In order to make things even more challenging, not only are we migrating platforms, but we have to deal with a complete change in the way events get tracked, or the naming pattern of these events. Take something simple like someone logging in successfully; in IMDB land, that tracks two potential events. One if the user has completed registration and one if they haven’t. In GAP speak, that turns into one event but two potentially different properties. When it comes to the login failure events, that number goes up from two to six. Putting all of this metadata into the right mapping mechanism is a tedious and intricate task. Enter us having to build the first of our systems for migrating from IMDB to GAP: the migrator.
The migrator application is pretty snappy and can lift and shift data at a rate of knots. It also creates a dump of user UUIDs which we can then load up into a separate database that’s used for the aliasing functionality. To load the output from the migrator into the alias database, we had to build a second application: the importer.
The importer is also pretty snappy and moves data into the aliasing database quickly, enabling some functionality that the migrator was otherwise incapable of, but is essential for getting the data into the lake. The migrator would move the data from the old nomenclature into the new, but because data in the aliasing database would not be loaded up it wouldn’t be able to inject parent IDs into the event data. We needed to build something that could take every event generated by the migrator, look up the relevant parent ID and append it onto the event information before flushing into the lake. Enter application number three: the converter.
The converter is not very quick, sadly, because of the fact that it has to consistently look up information from the aliasing database, which proves to be the bottle-neck in the process. A couple of weeks ago, we hit a snag when we ran a conversion for a small event volume for the last two months of 2018. It took two and a half days before we pulled the plug on it. We realised that we had to go back and re-think our plan of attack.

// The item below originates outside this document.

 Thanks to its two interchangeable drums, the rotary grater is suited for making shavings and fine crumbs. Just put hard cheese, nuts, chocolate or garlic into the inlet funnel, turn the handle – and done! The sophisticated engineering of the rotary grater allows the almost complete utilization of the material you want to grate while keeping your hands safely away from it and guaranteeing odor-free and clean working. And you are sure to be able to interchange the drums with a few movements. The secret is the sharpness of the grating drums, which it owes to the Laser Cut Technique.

What we managed to do was dump the table contents of the aliasing database into a separate S3 bucket. The bucket’s contents could then be read by the converter on every run, which meant we could use that information within the application and not overload the database during conversion. The same dataset that took two and a half days to not complete finished up in about 8 minutes. That’s about the length of time it takes the average ClearScore employee to neck a pint on a Friday lunchtime.
Does it really take that long to move that much data? My USB stick is faster!
As I said before, maintaining the integrity of the data that gets migrated, imported and converted is critical. If one system says that 200 people applied for a particular credit card on one day but the other one says 208 people did it generates confusion and uncertainty as to which system is trustworthy. The fundamental thing here is that we have to be able to explain why there is a shift and know that some things change when you move from one system to another.
ClearScore’s progress towards the data lake
Are we there yet? Almost. The keyboard-warrioring Data Engineering team have built the platform and are migrating data in as fast as they can. We are in the process of moving the reporting that powers the business from IMDB to GAP, which will allow us to flick the switch over, but that requires a lot of data in the lake. Remember, if one event takes about 10 minutes for a few months, then a few hundred events over nearly four years will still take a long time.
Having said that, we can see the light at the end of what has been a very long, bumpy tunnel and we’re trying to get ClearScore there as quickly as we can!
Navin’s lucky enough to run our Data Engineering team. He loves to engineer massively scalable systems (apart from when he's playing cricket - nobody stops him from playing cricket.)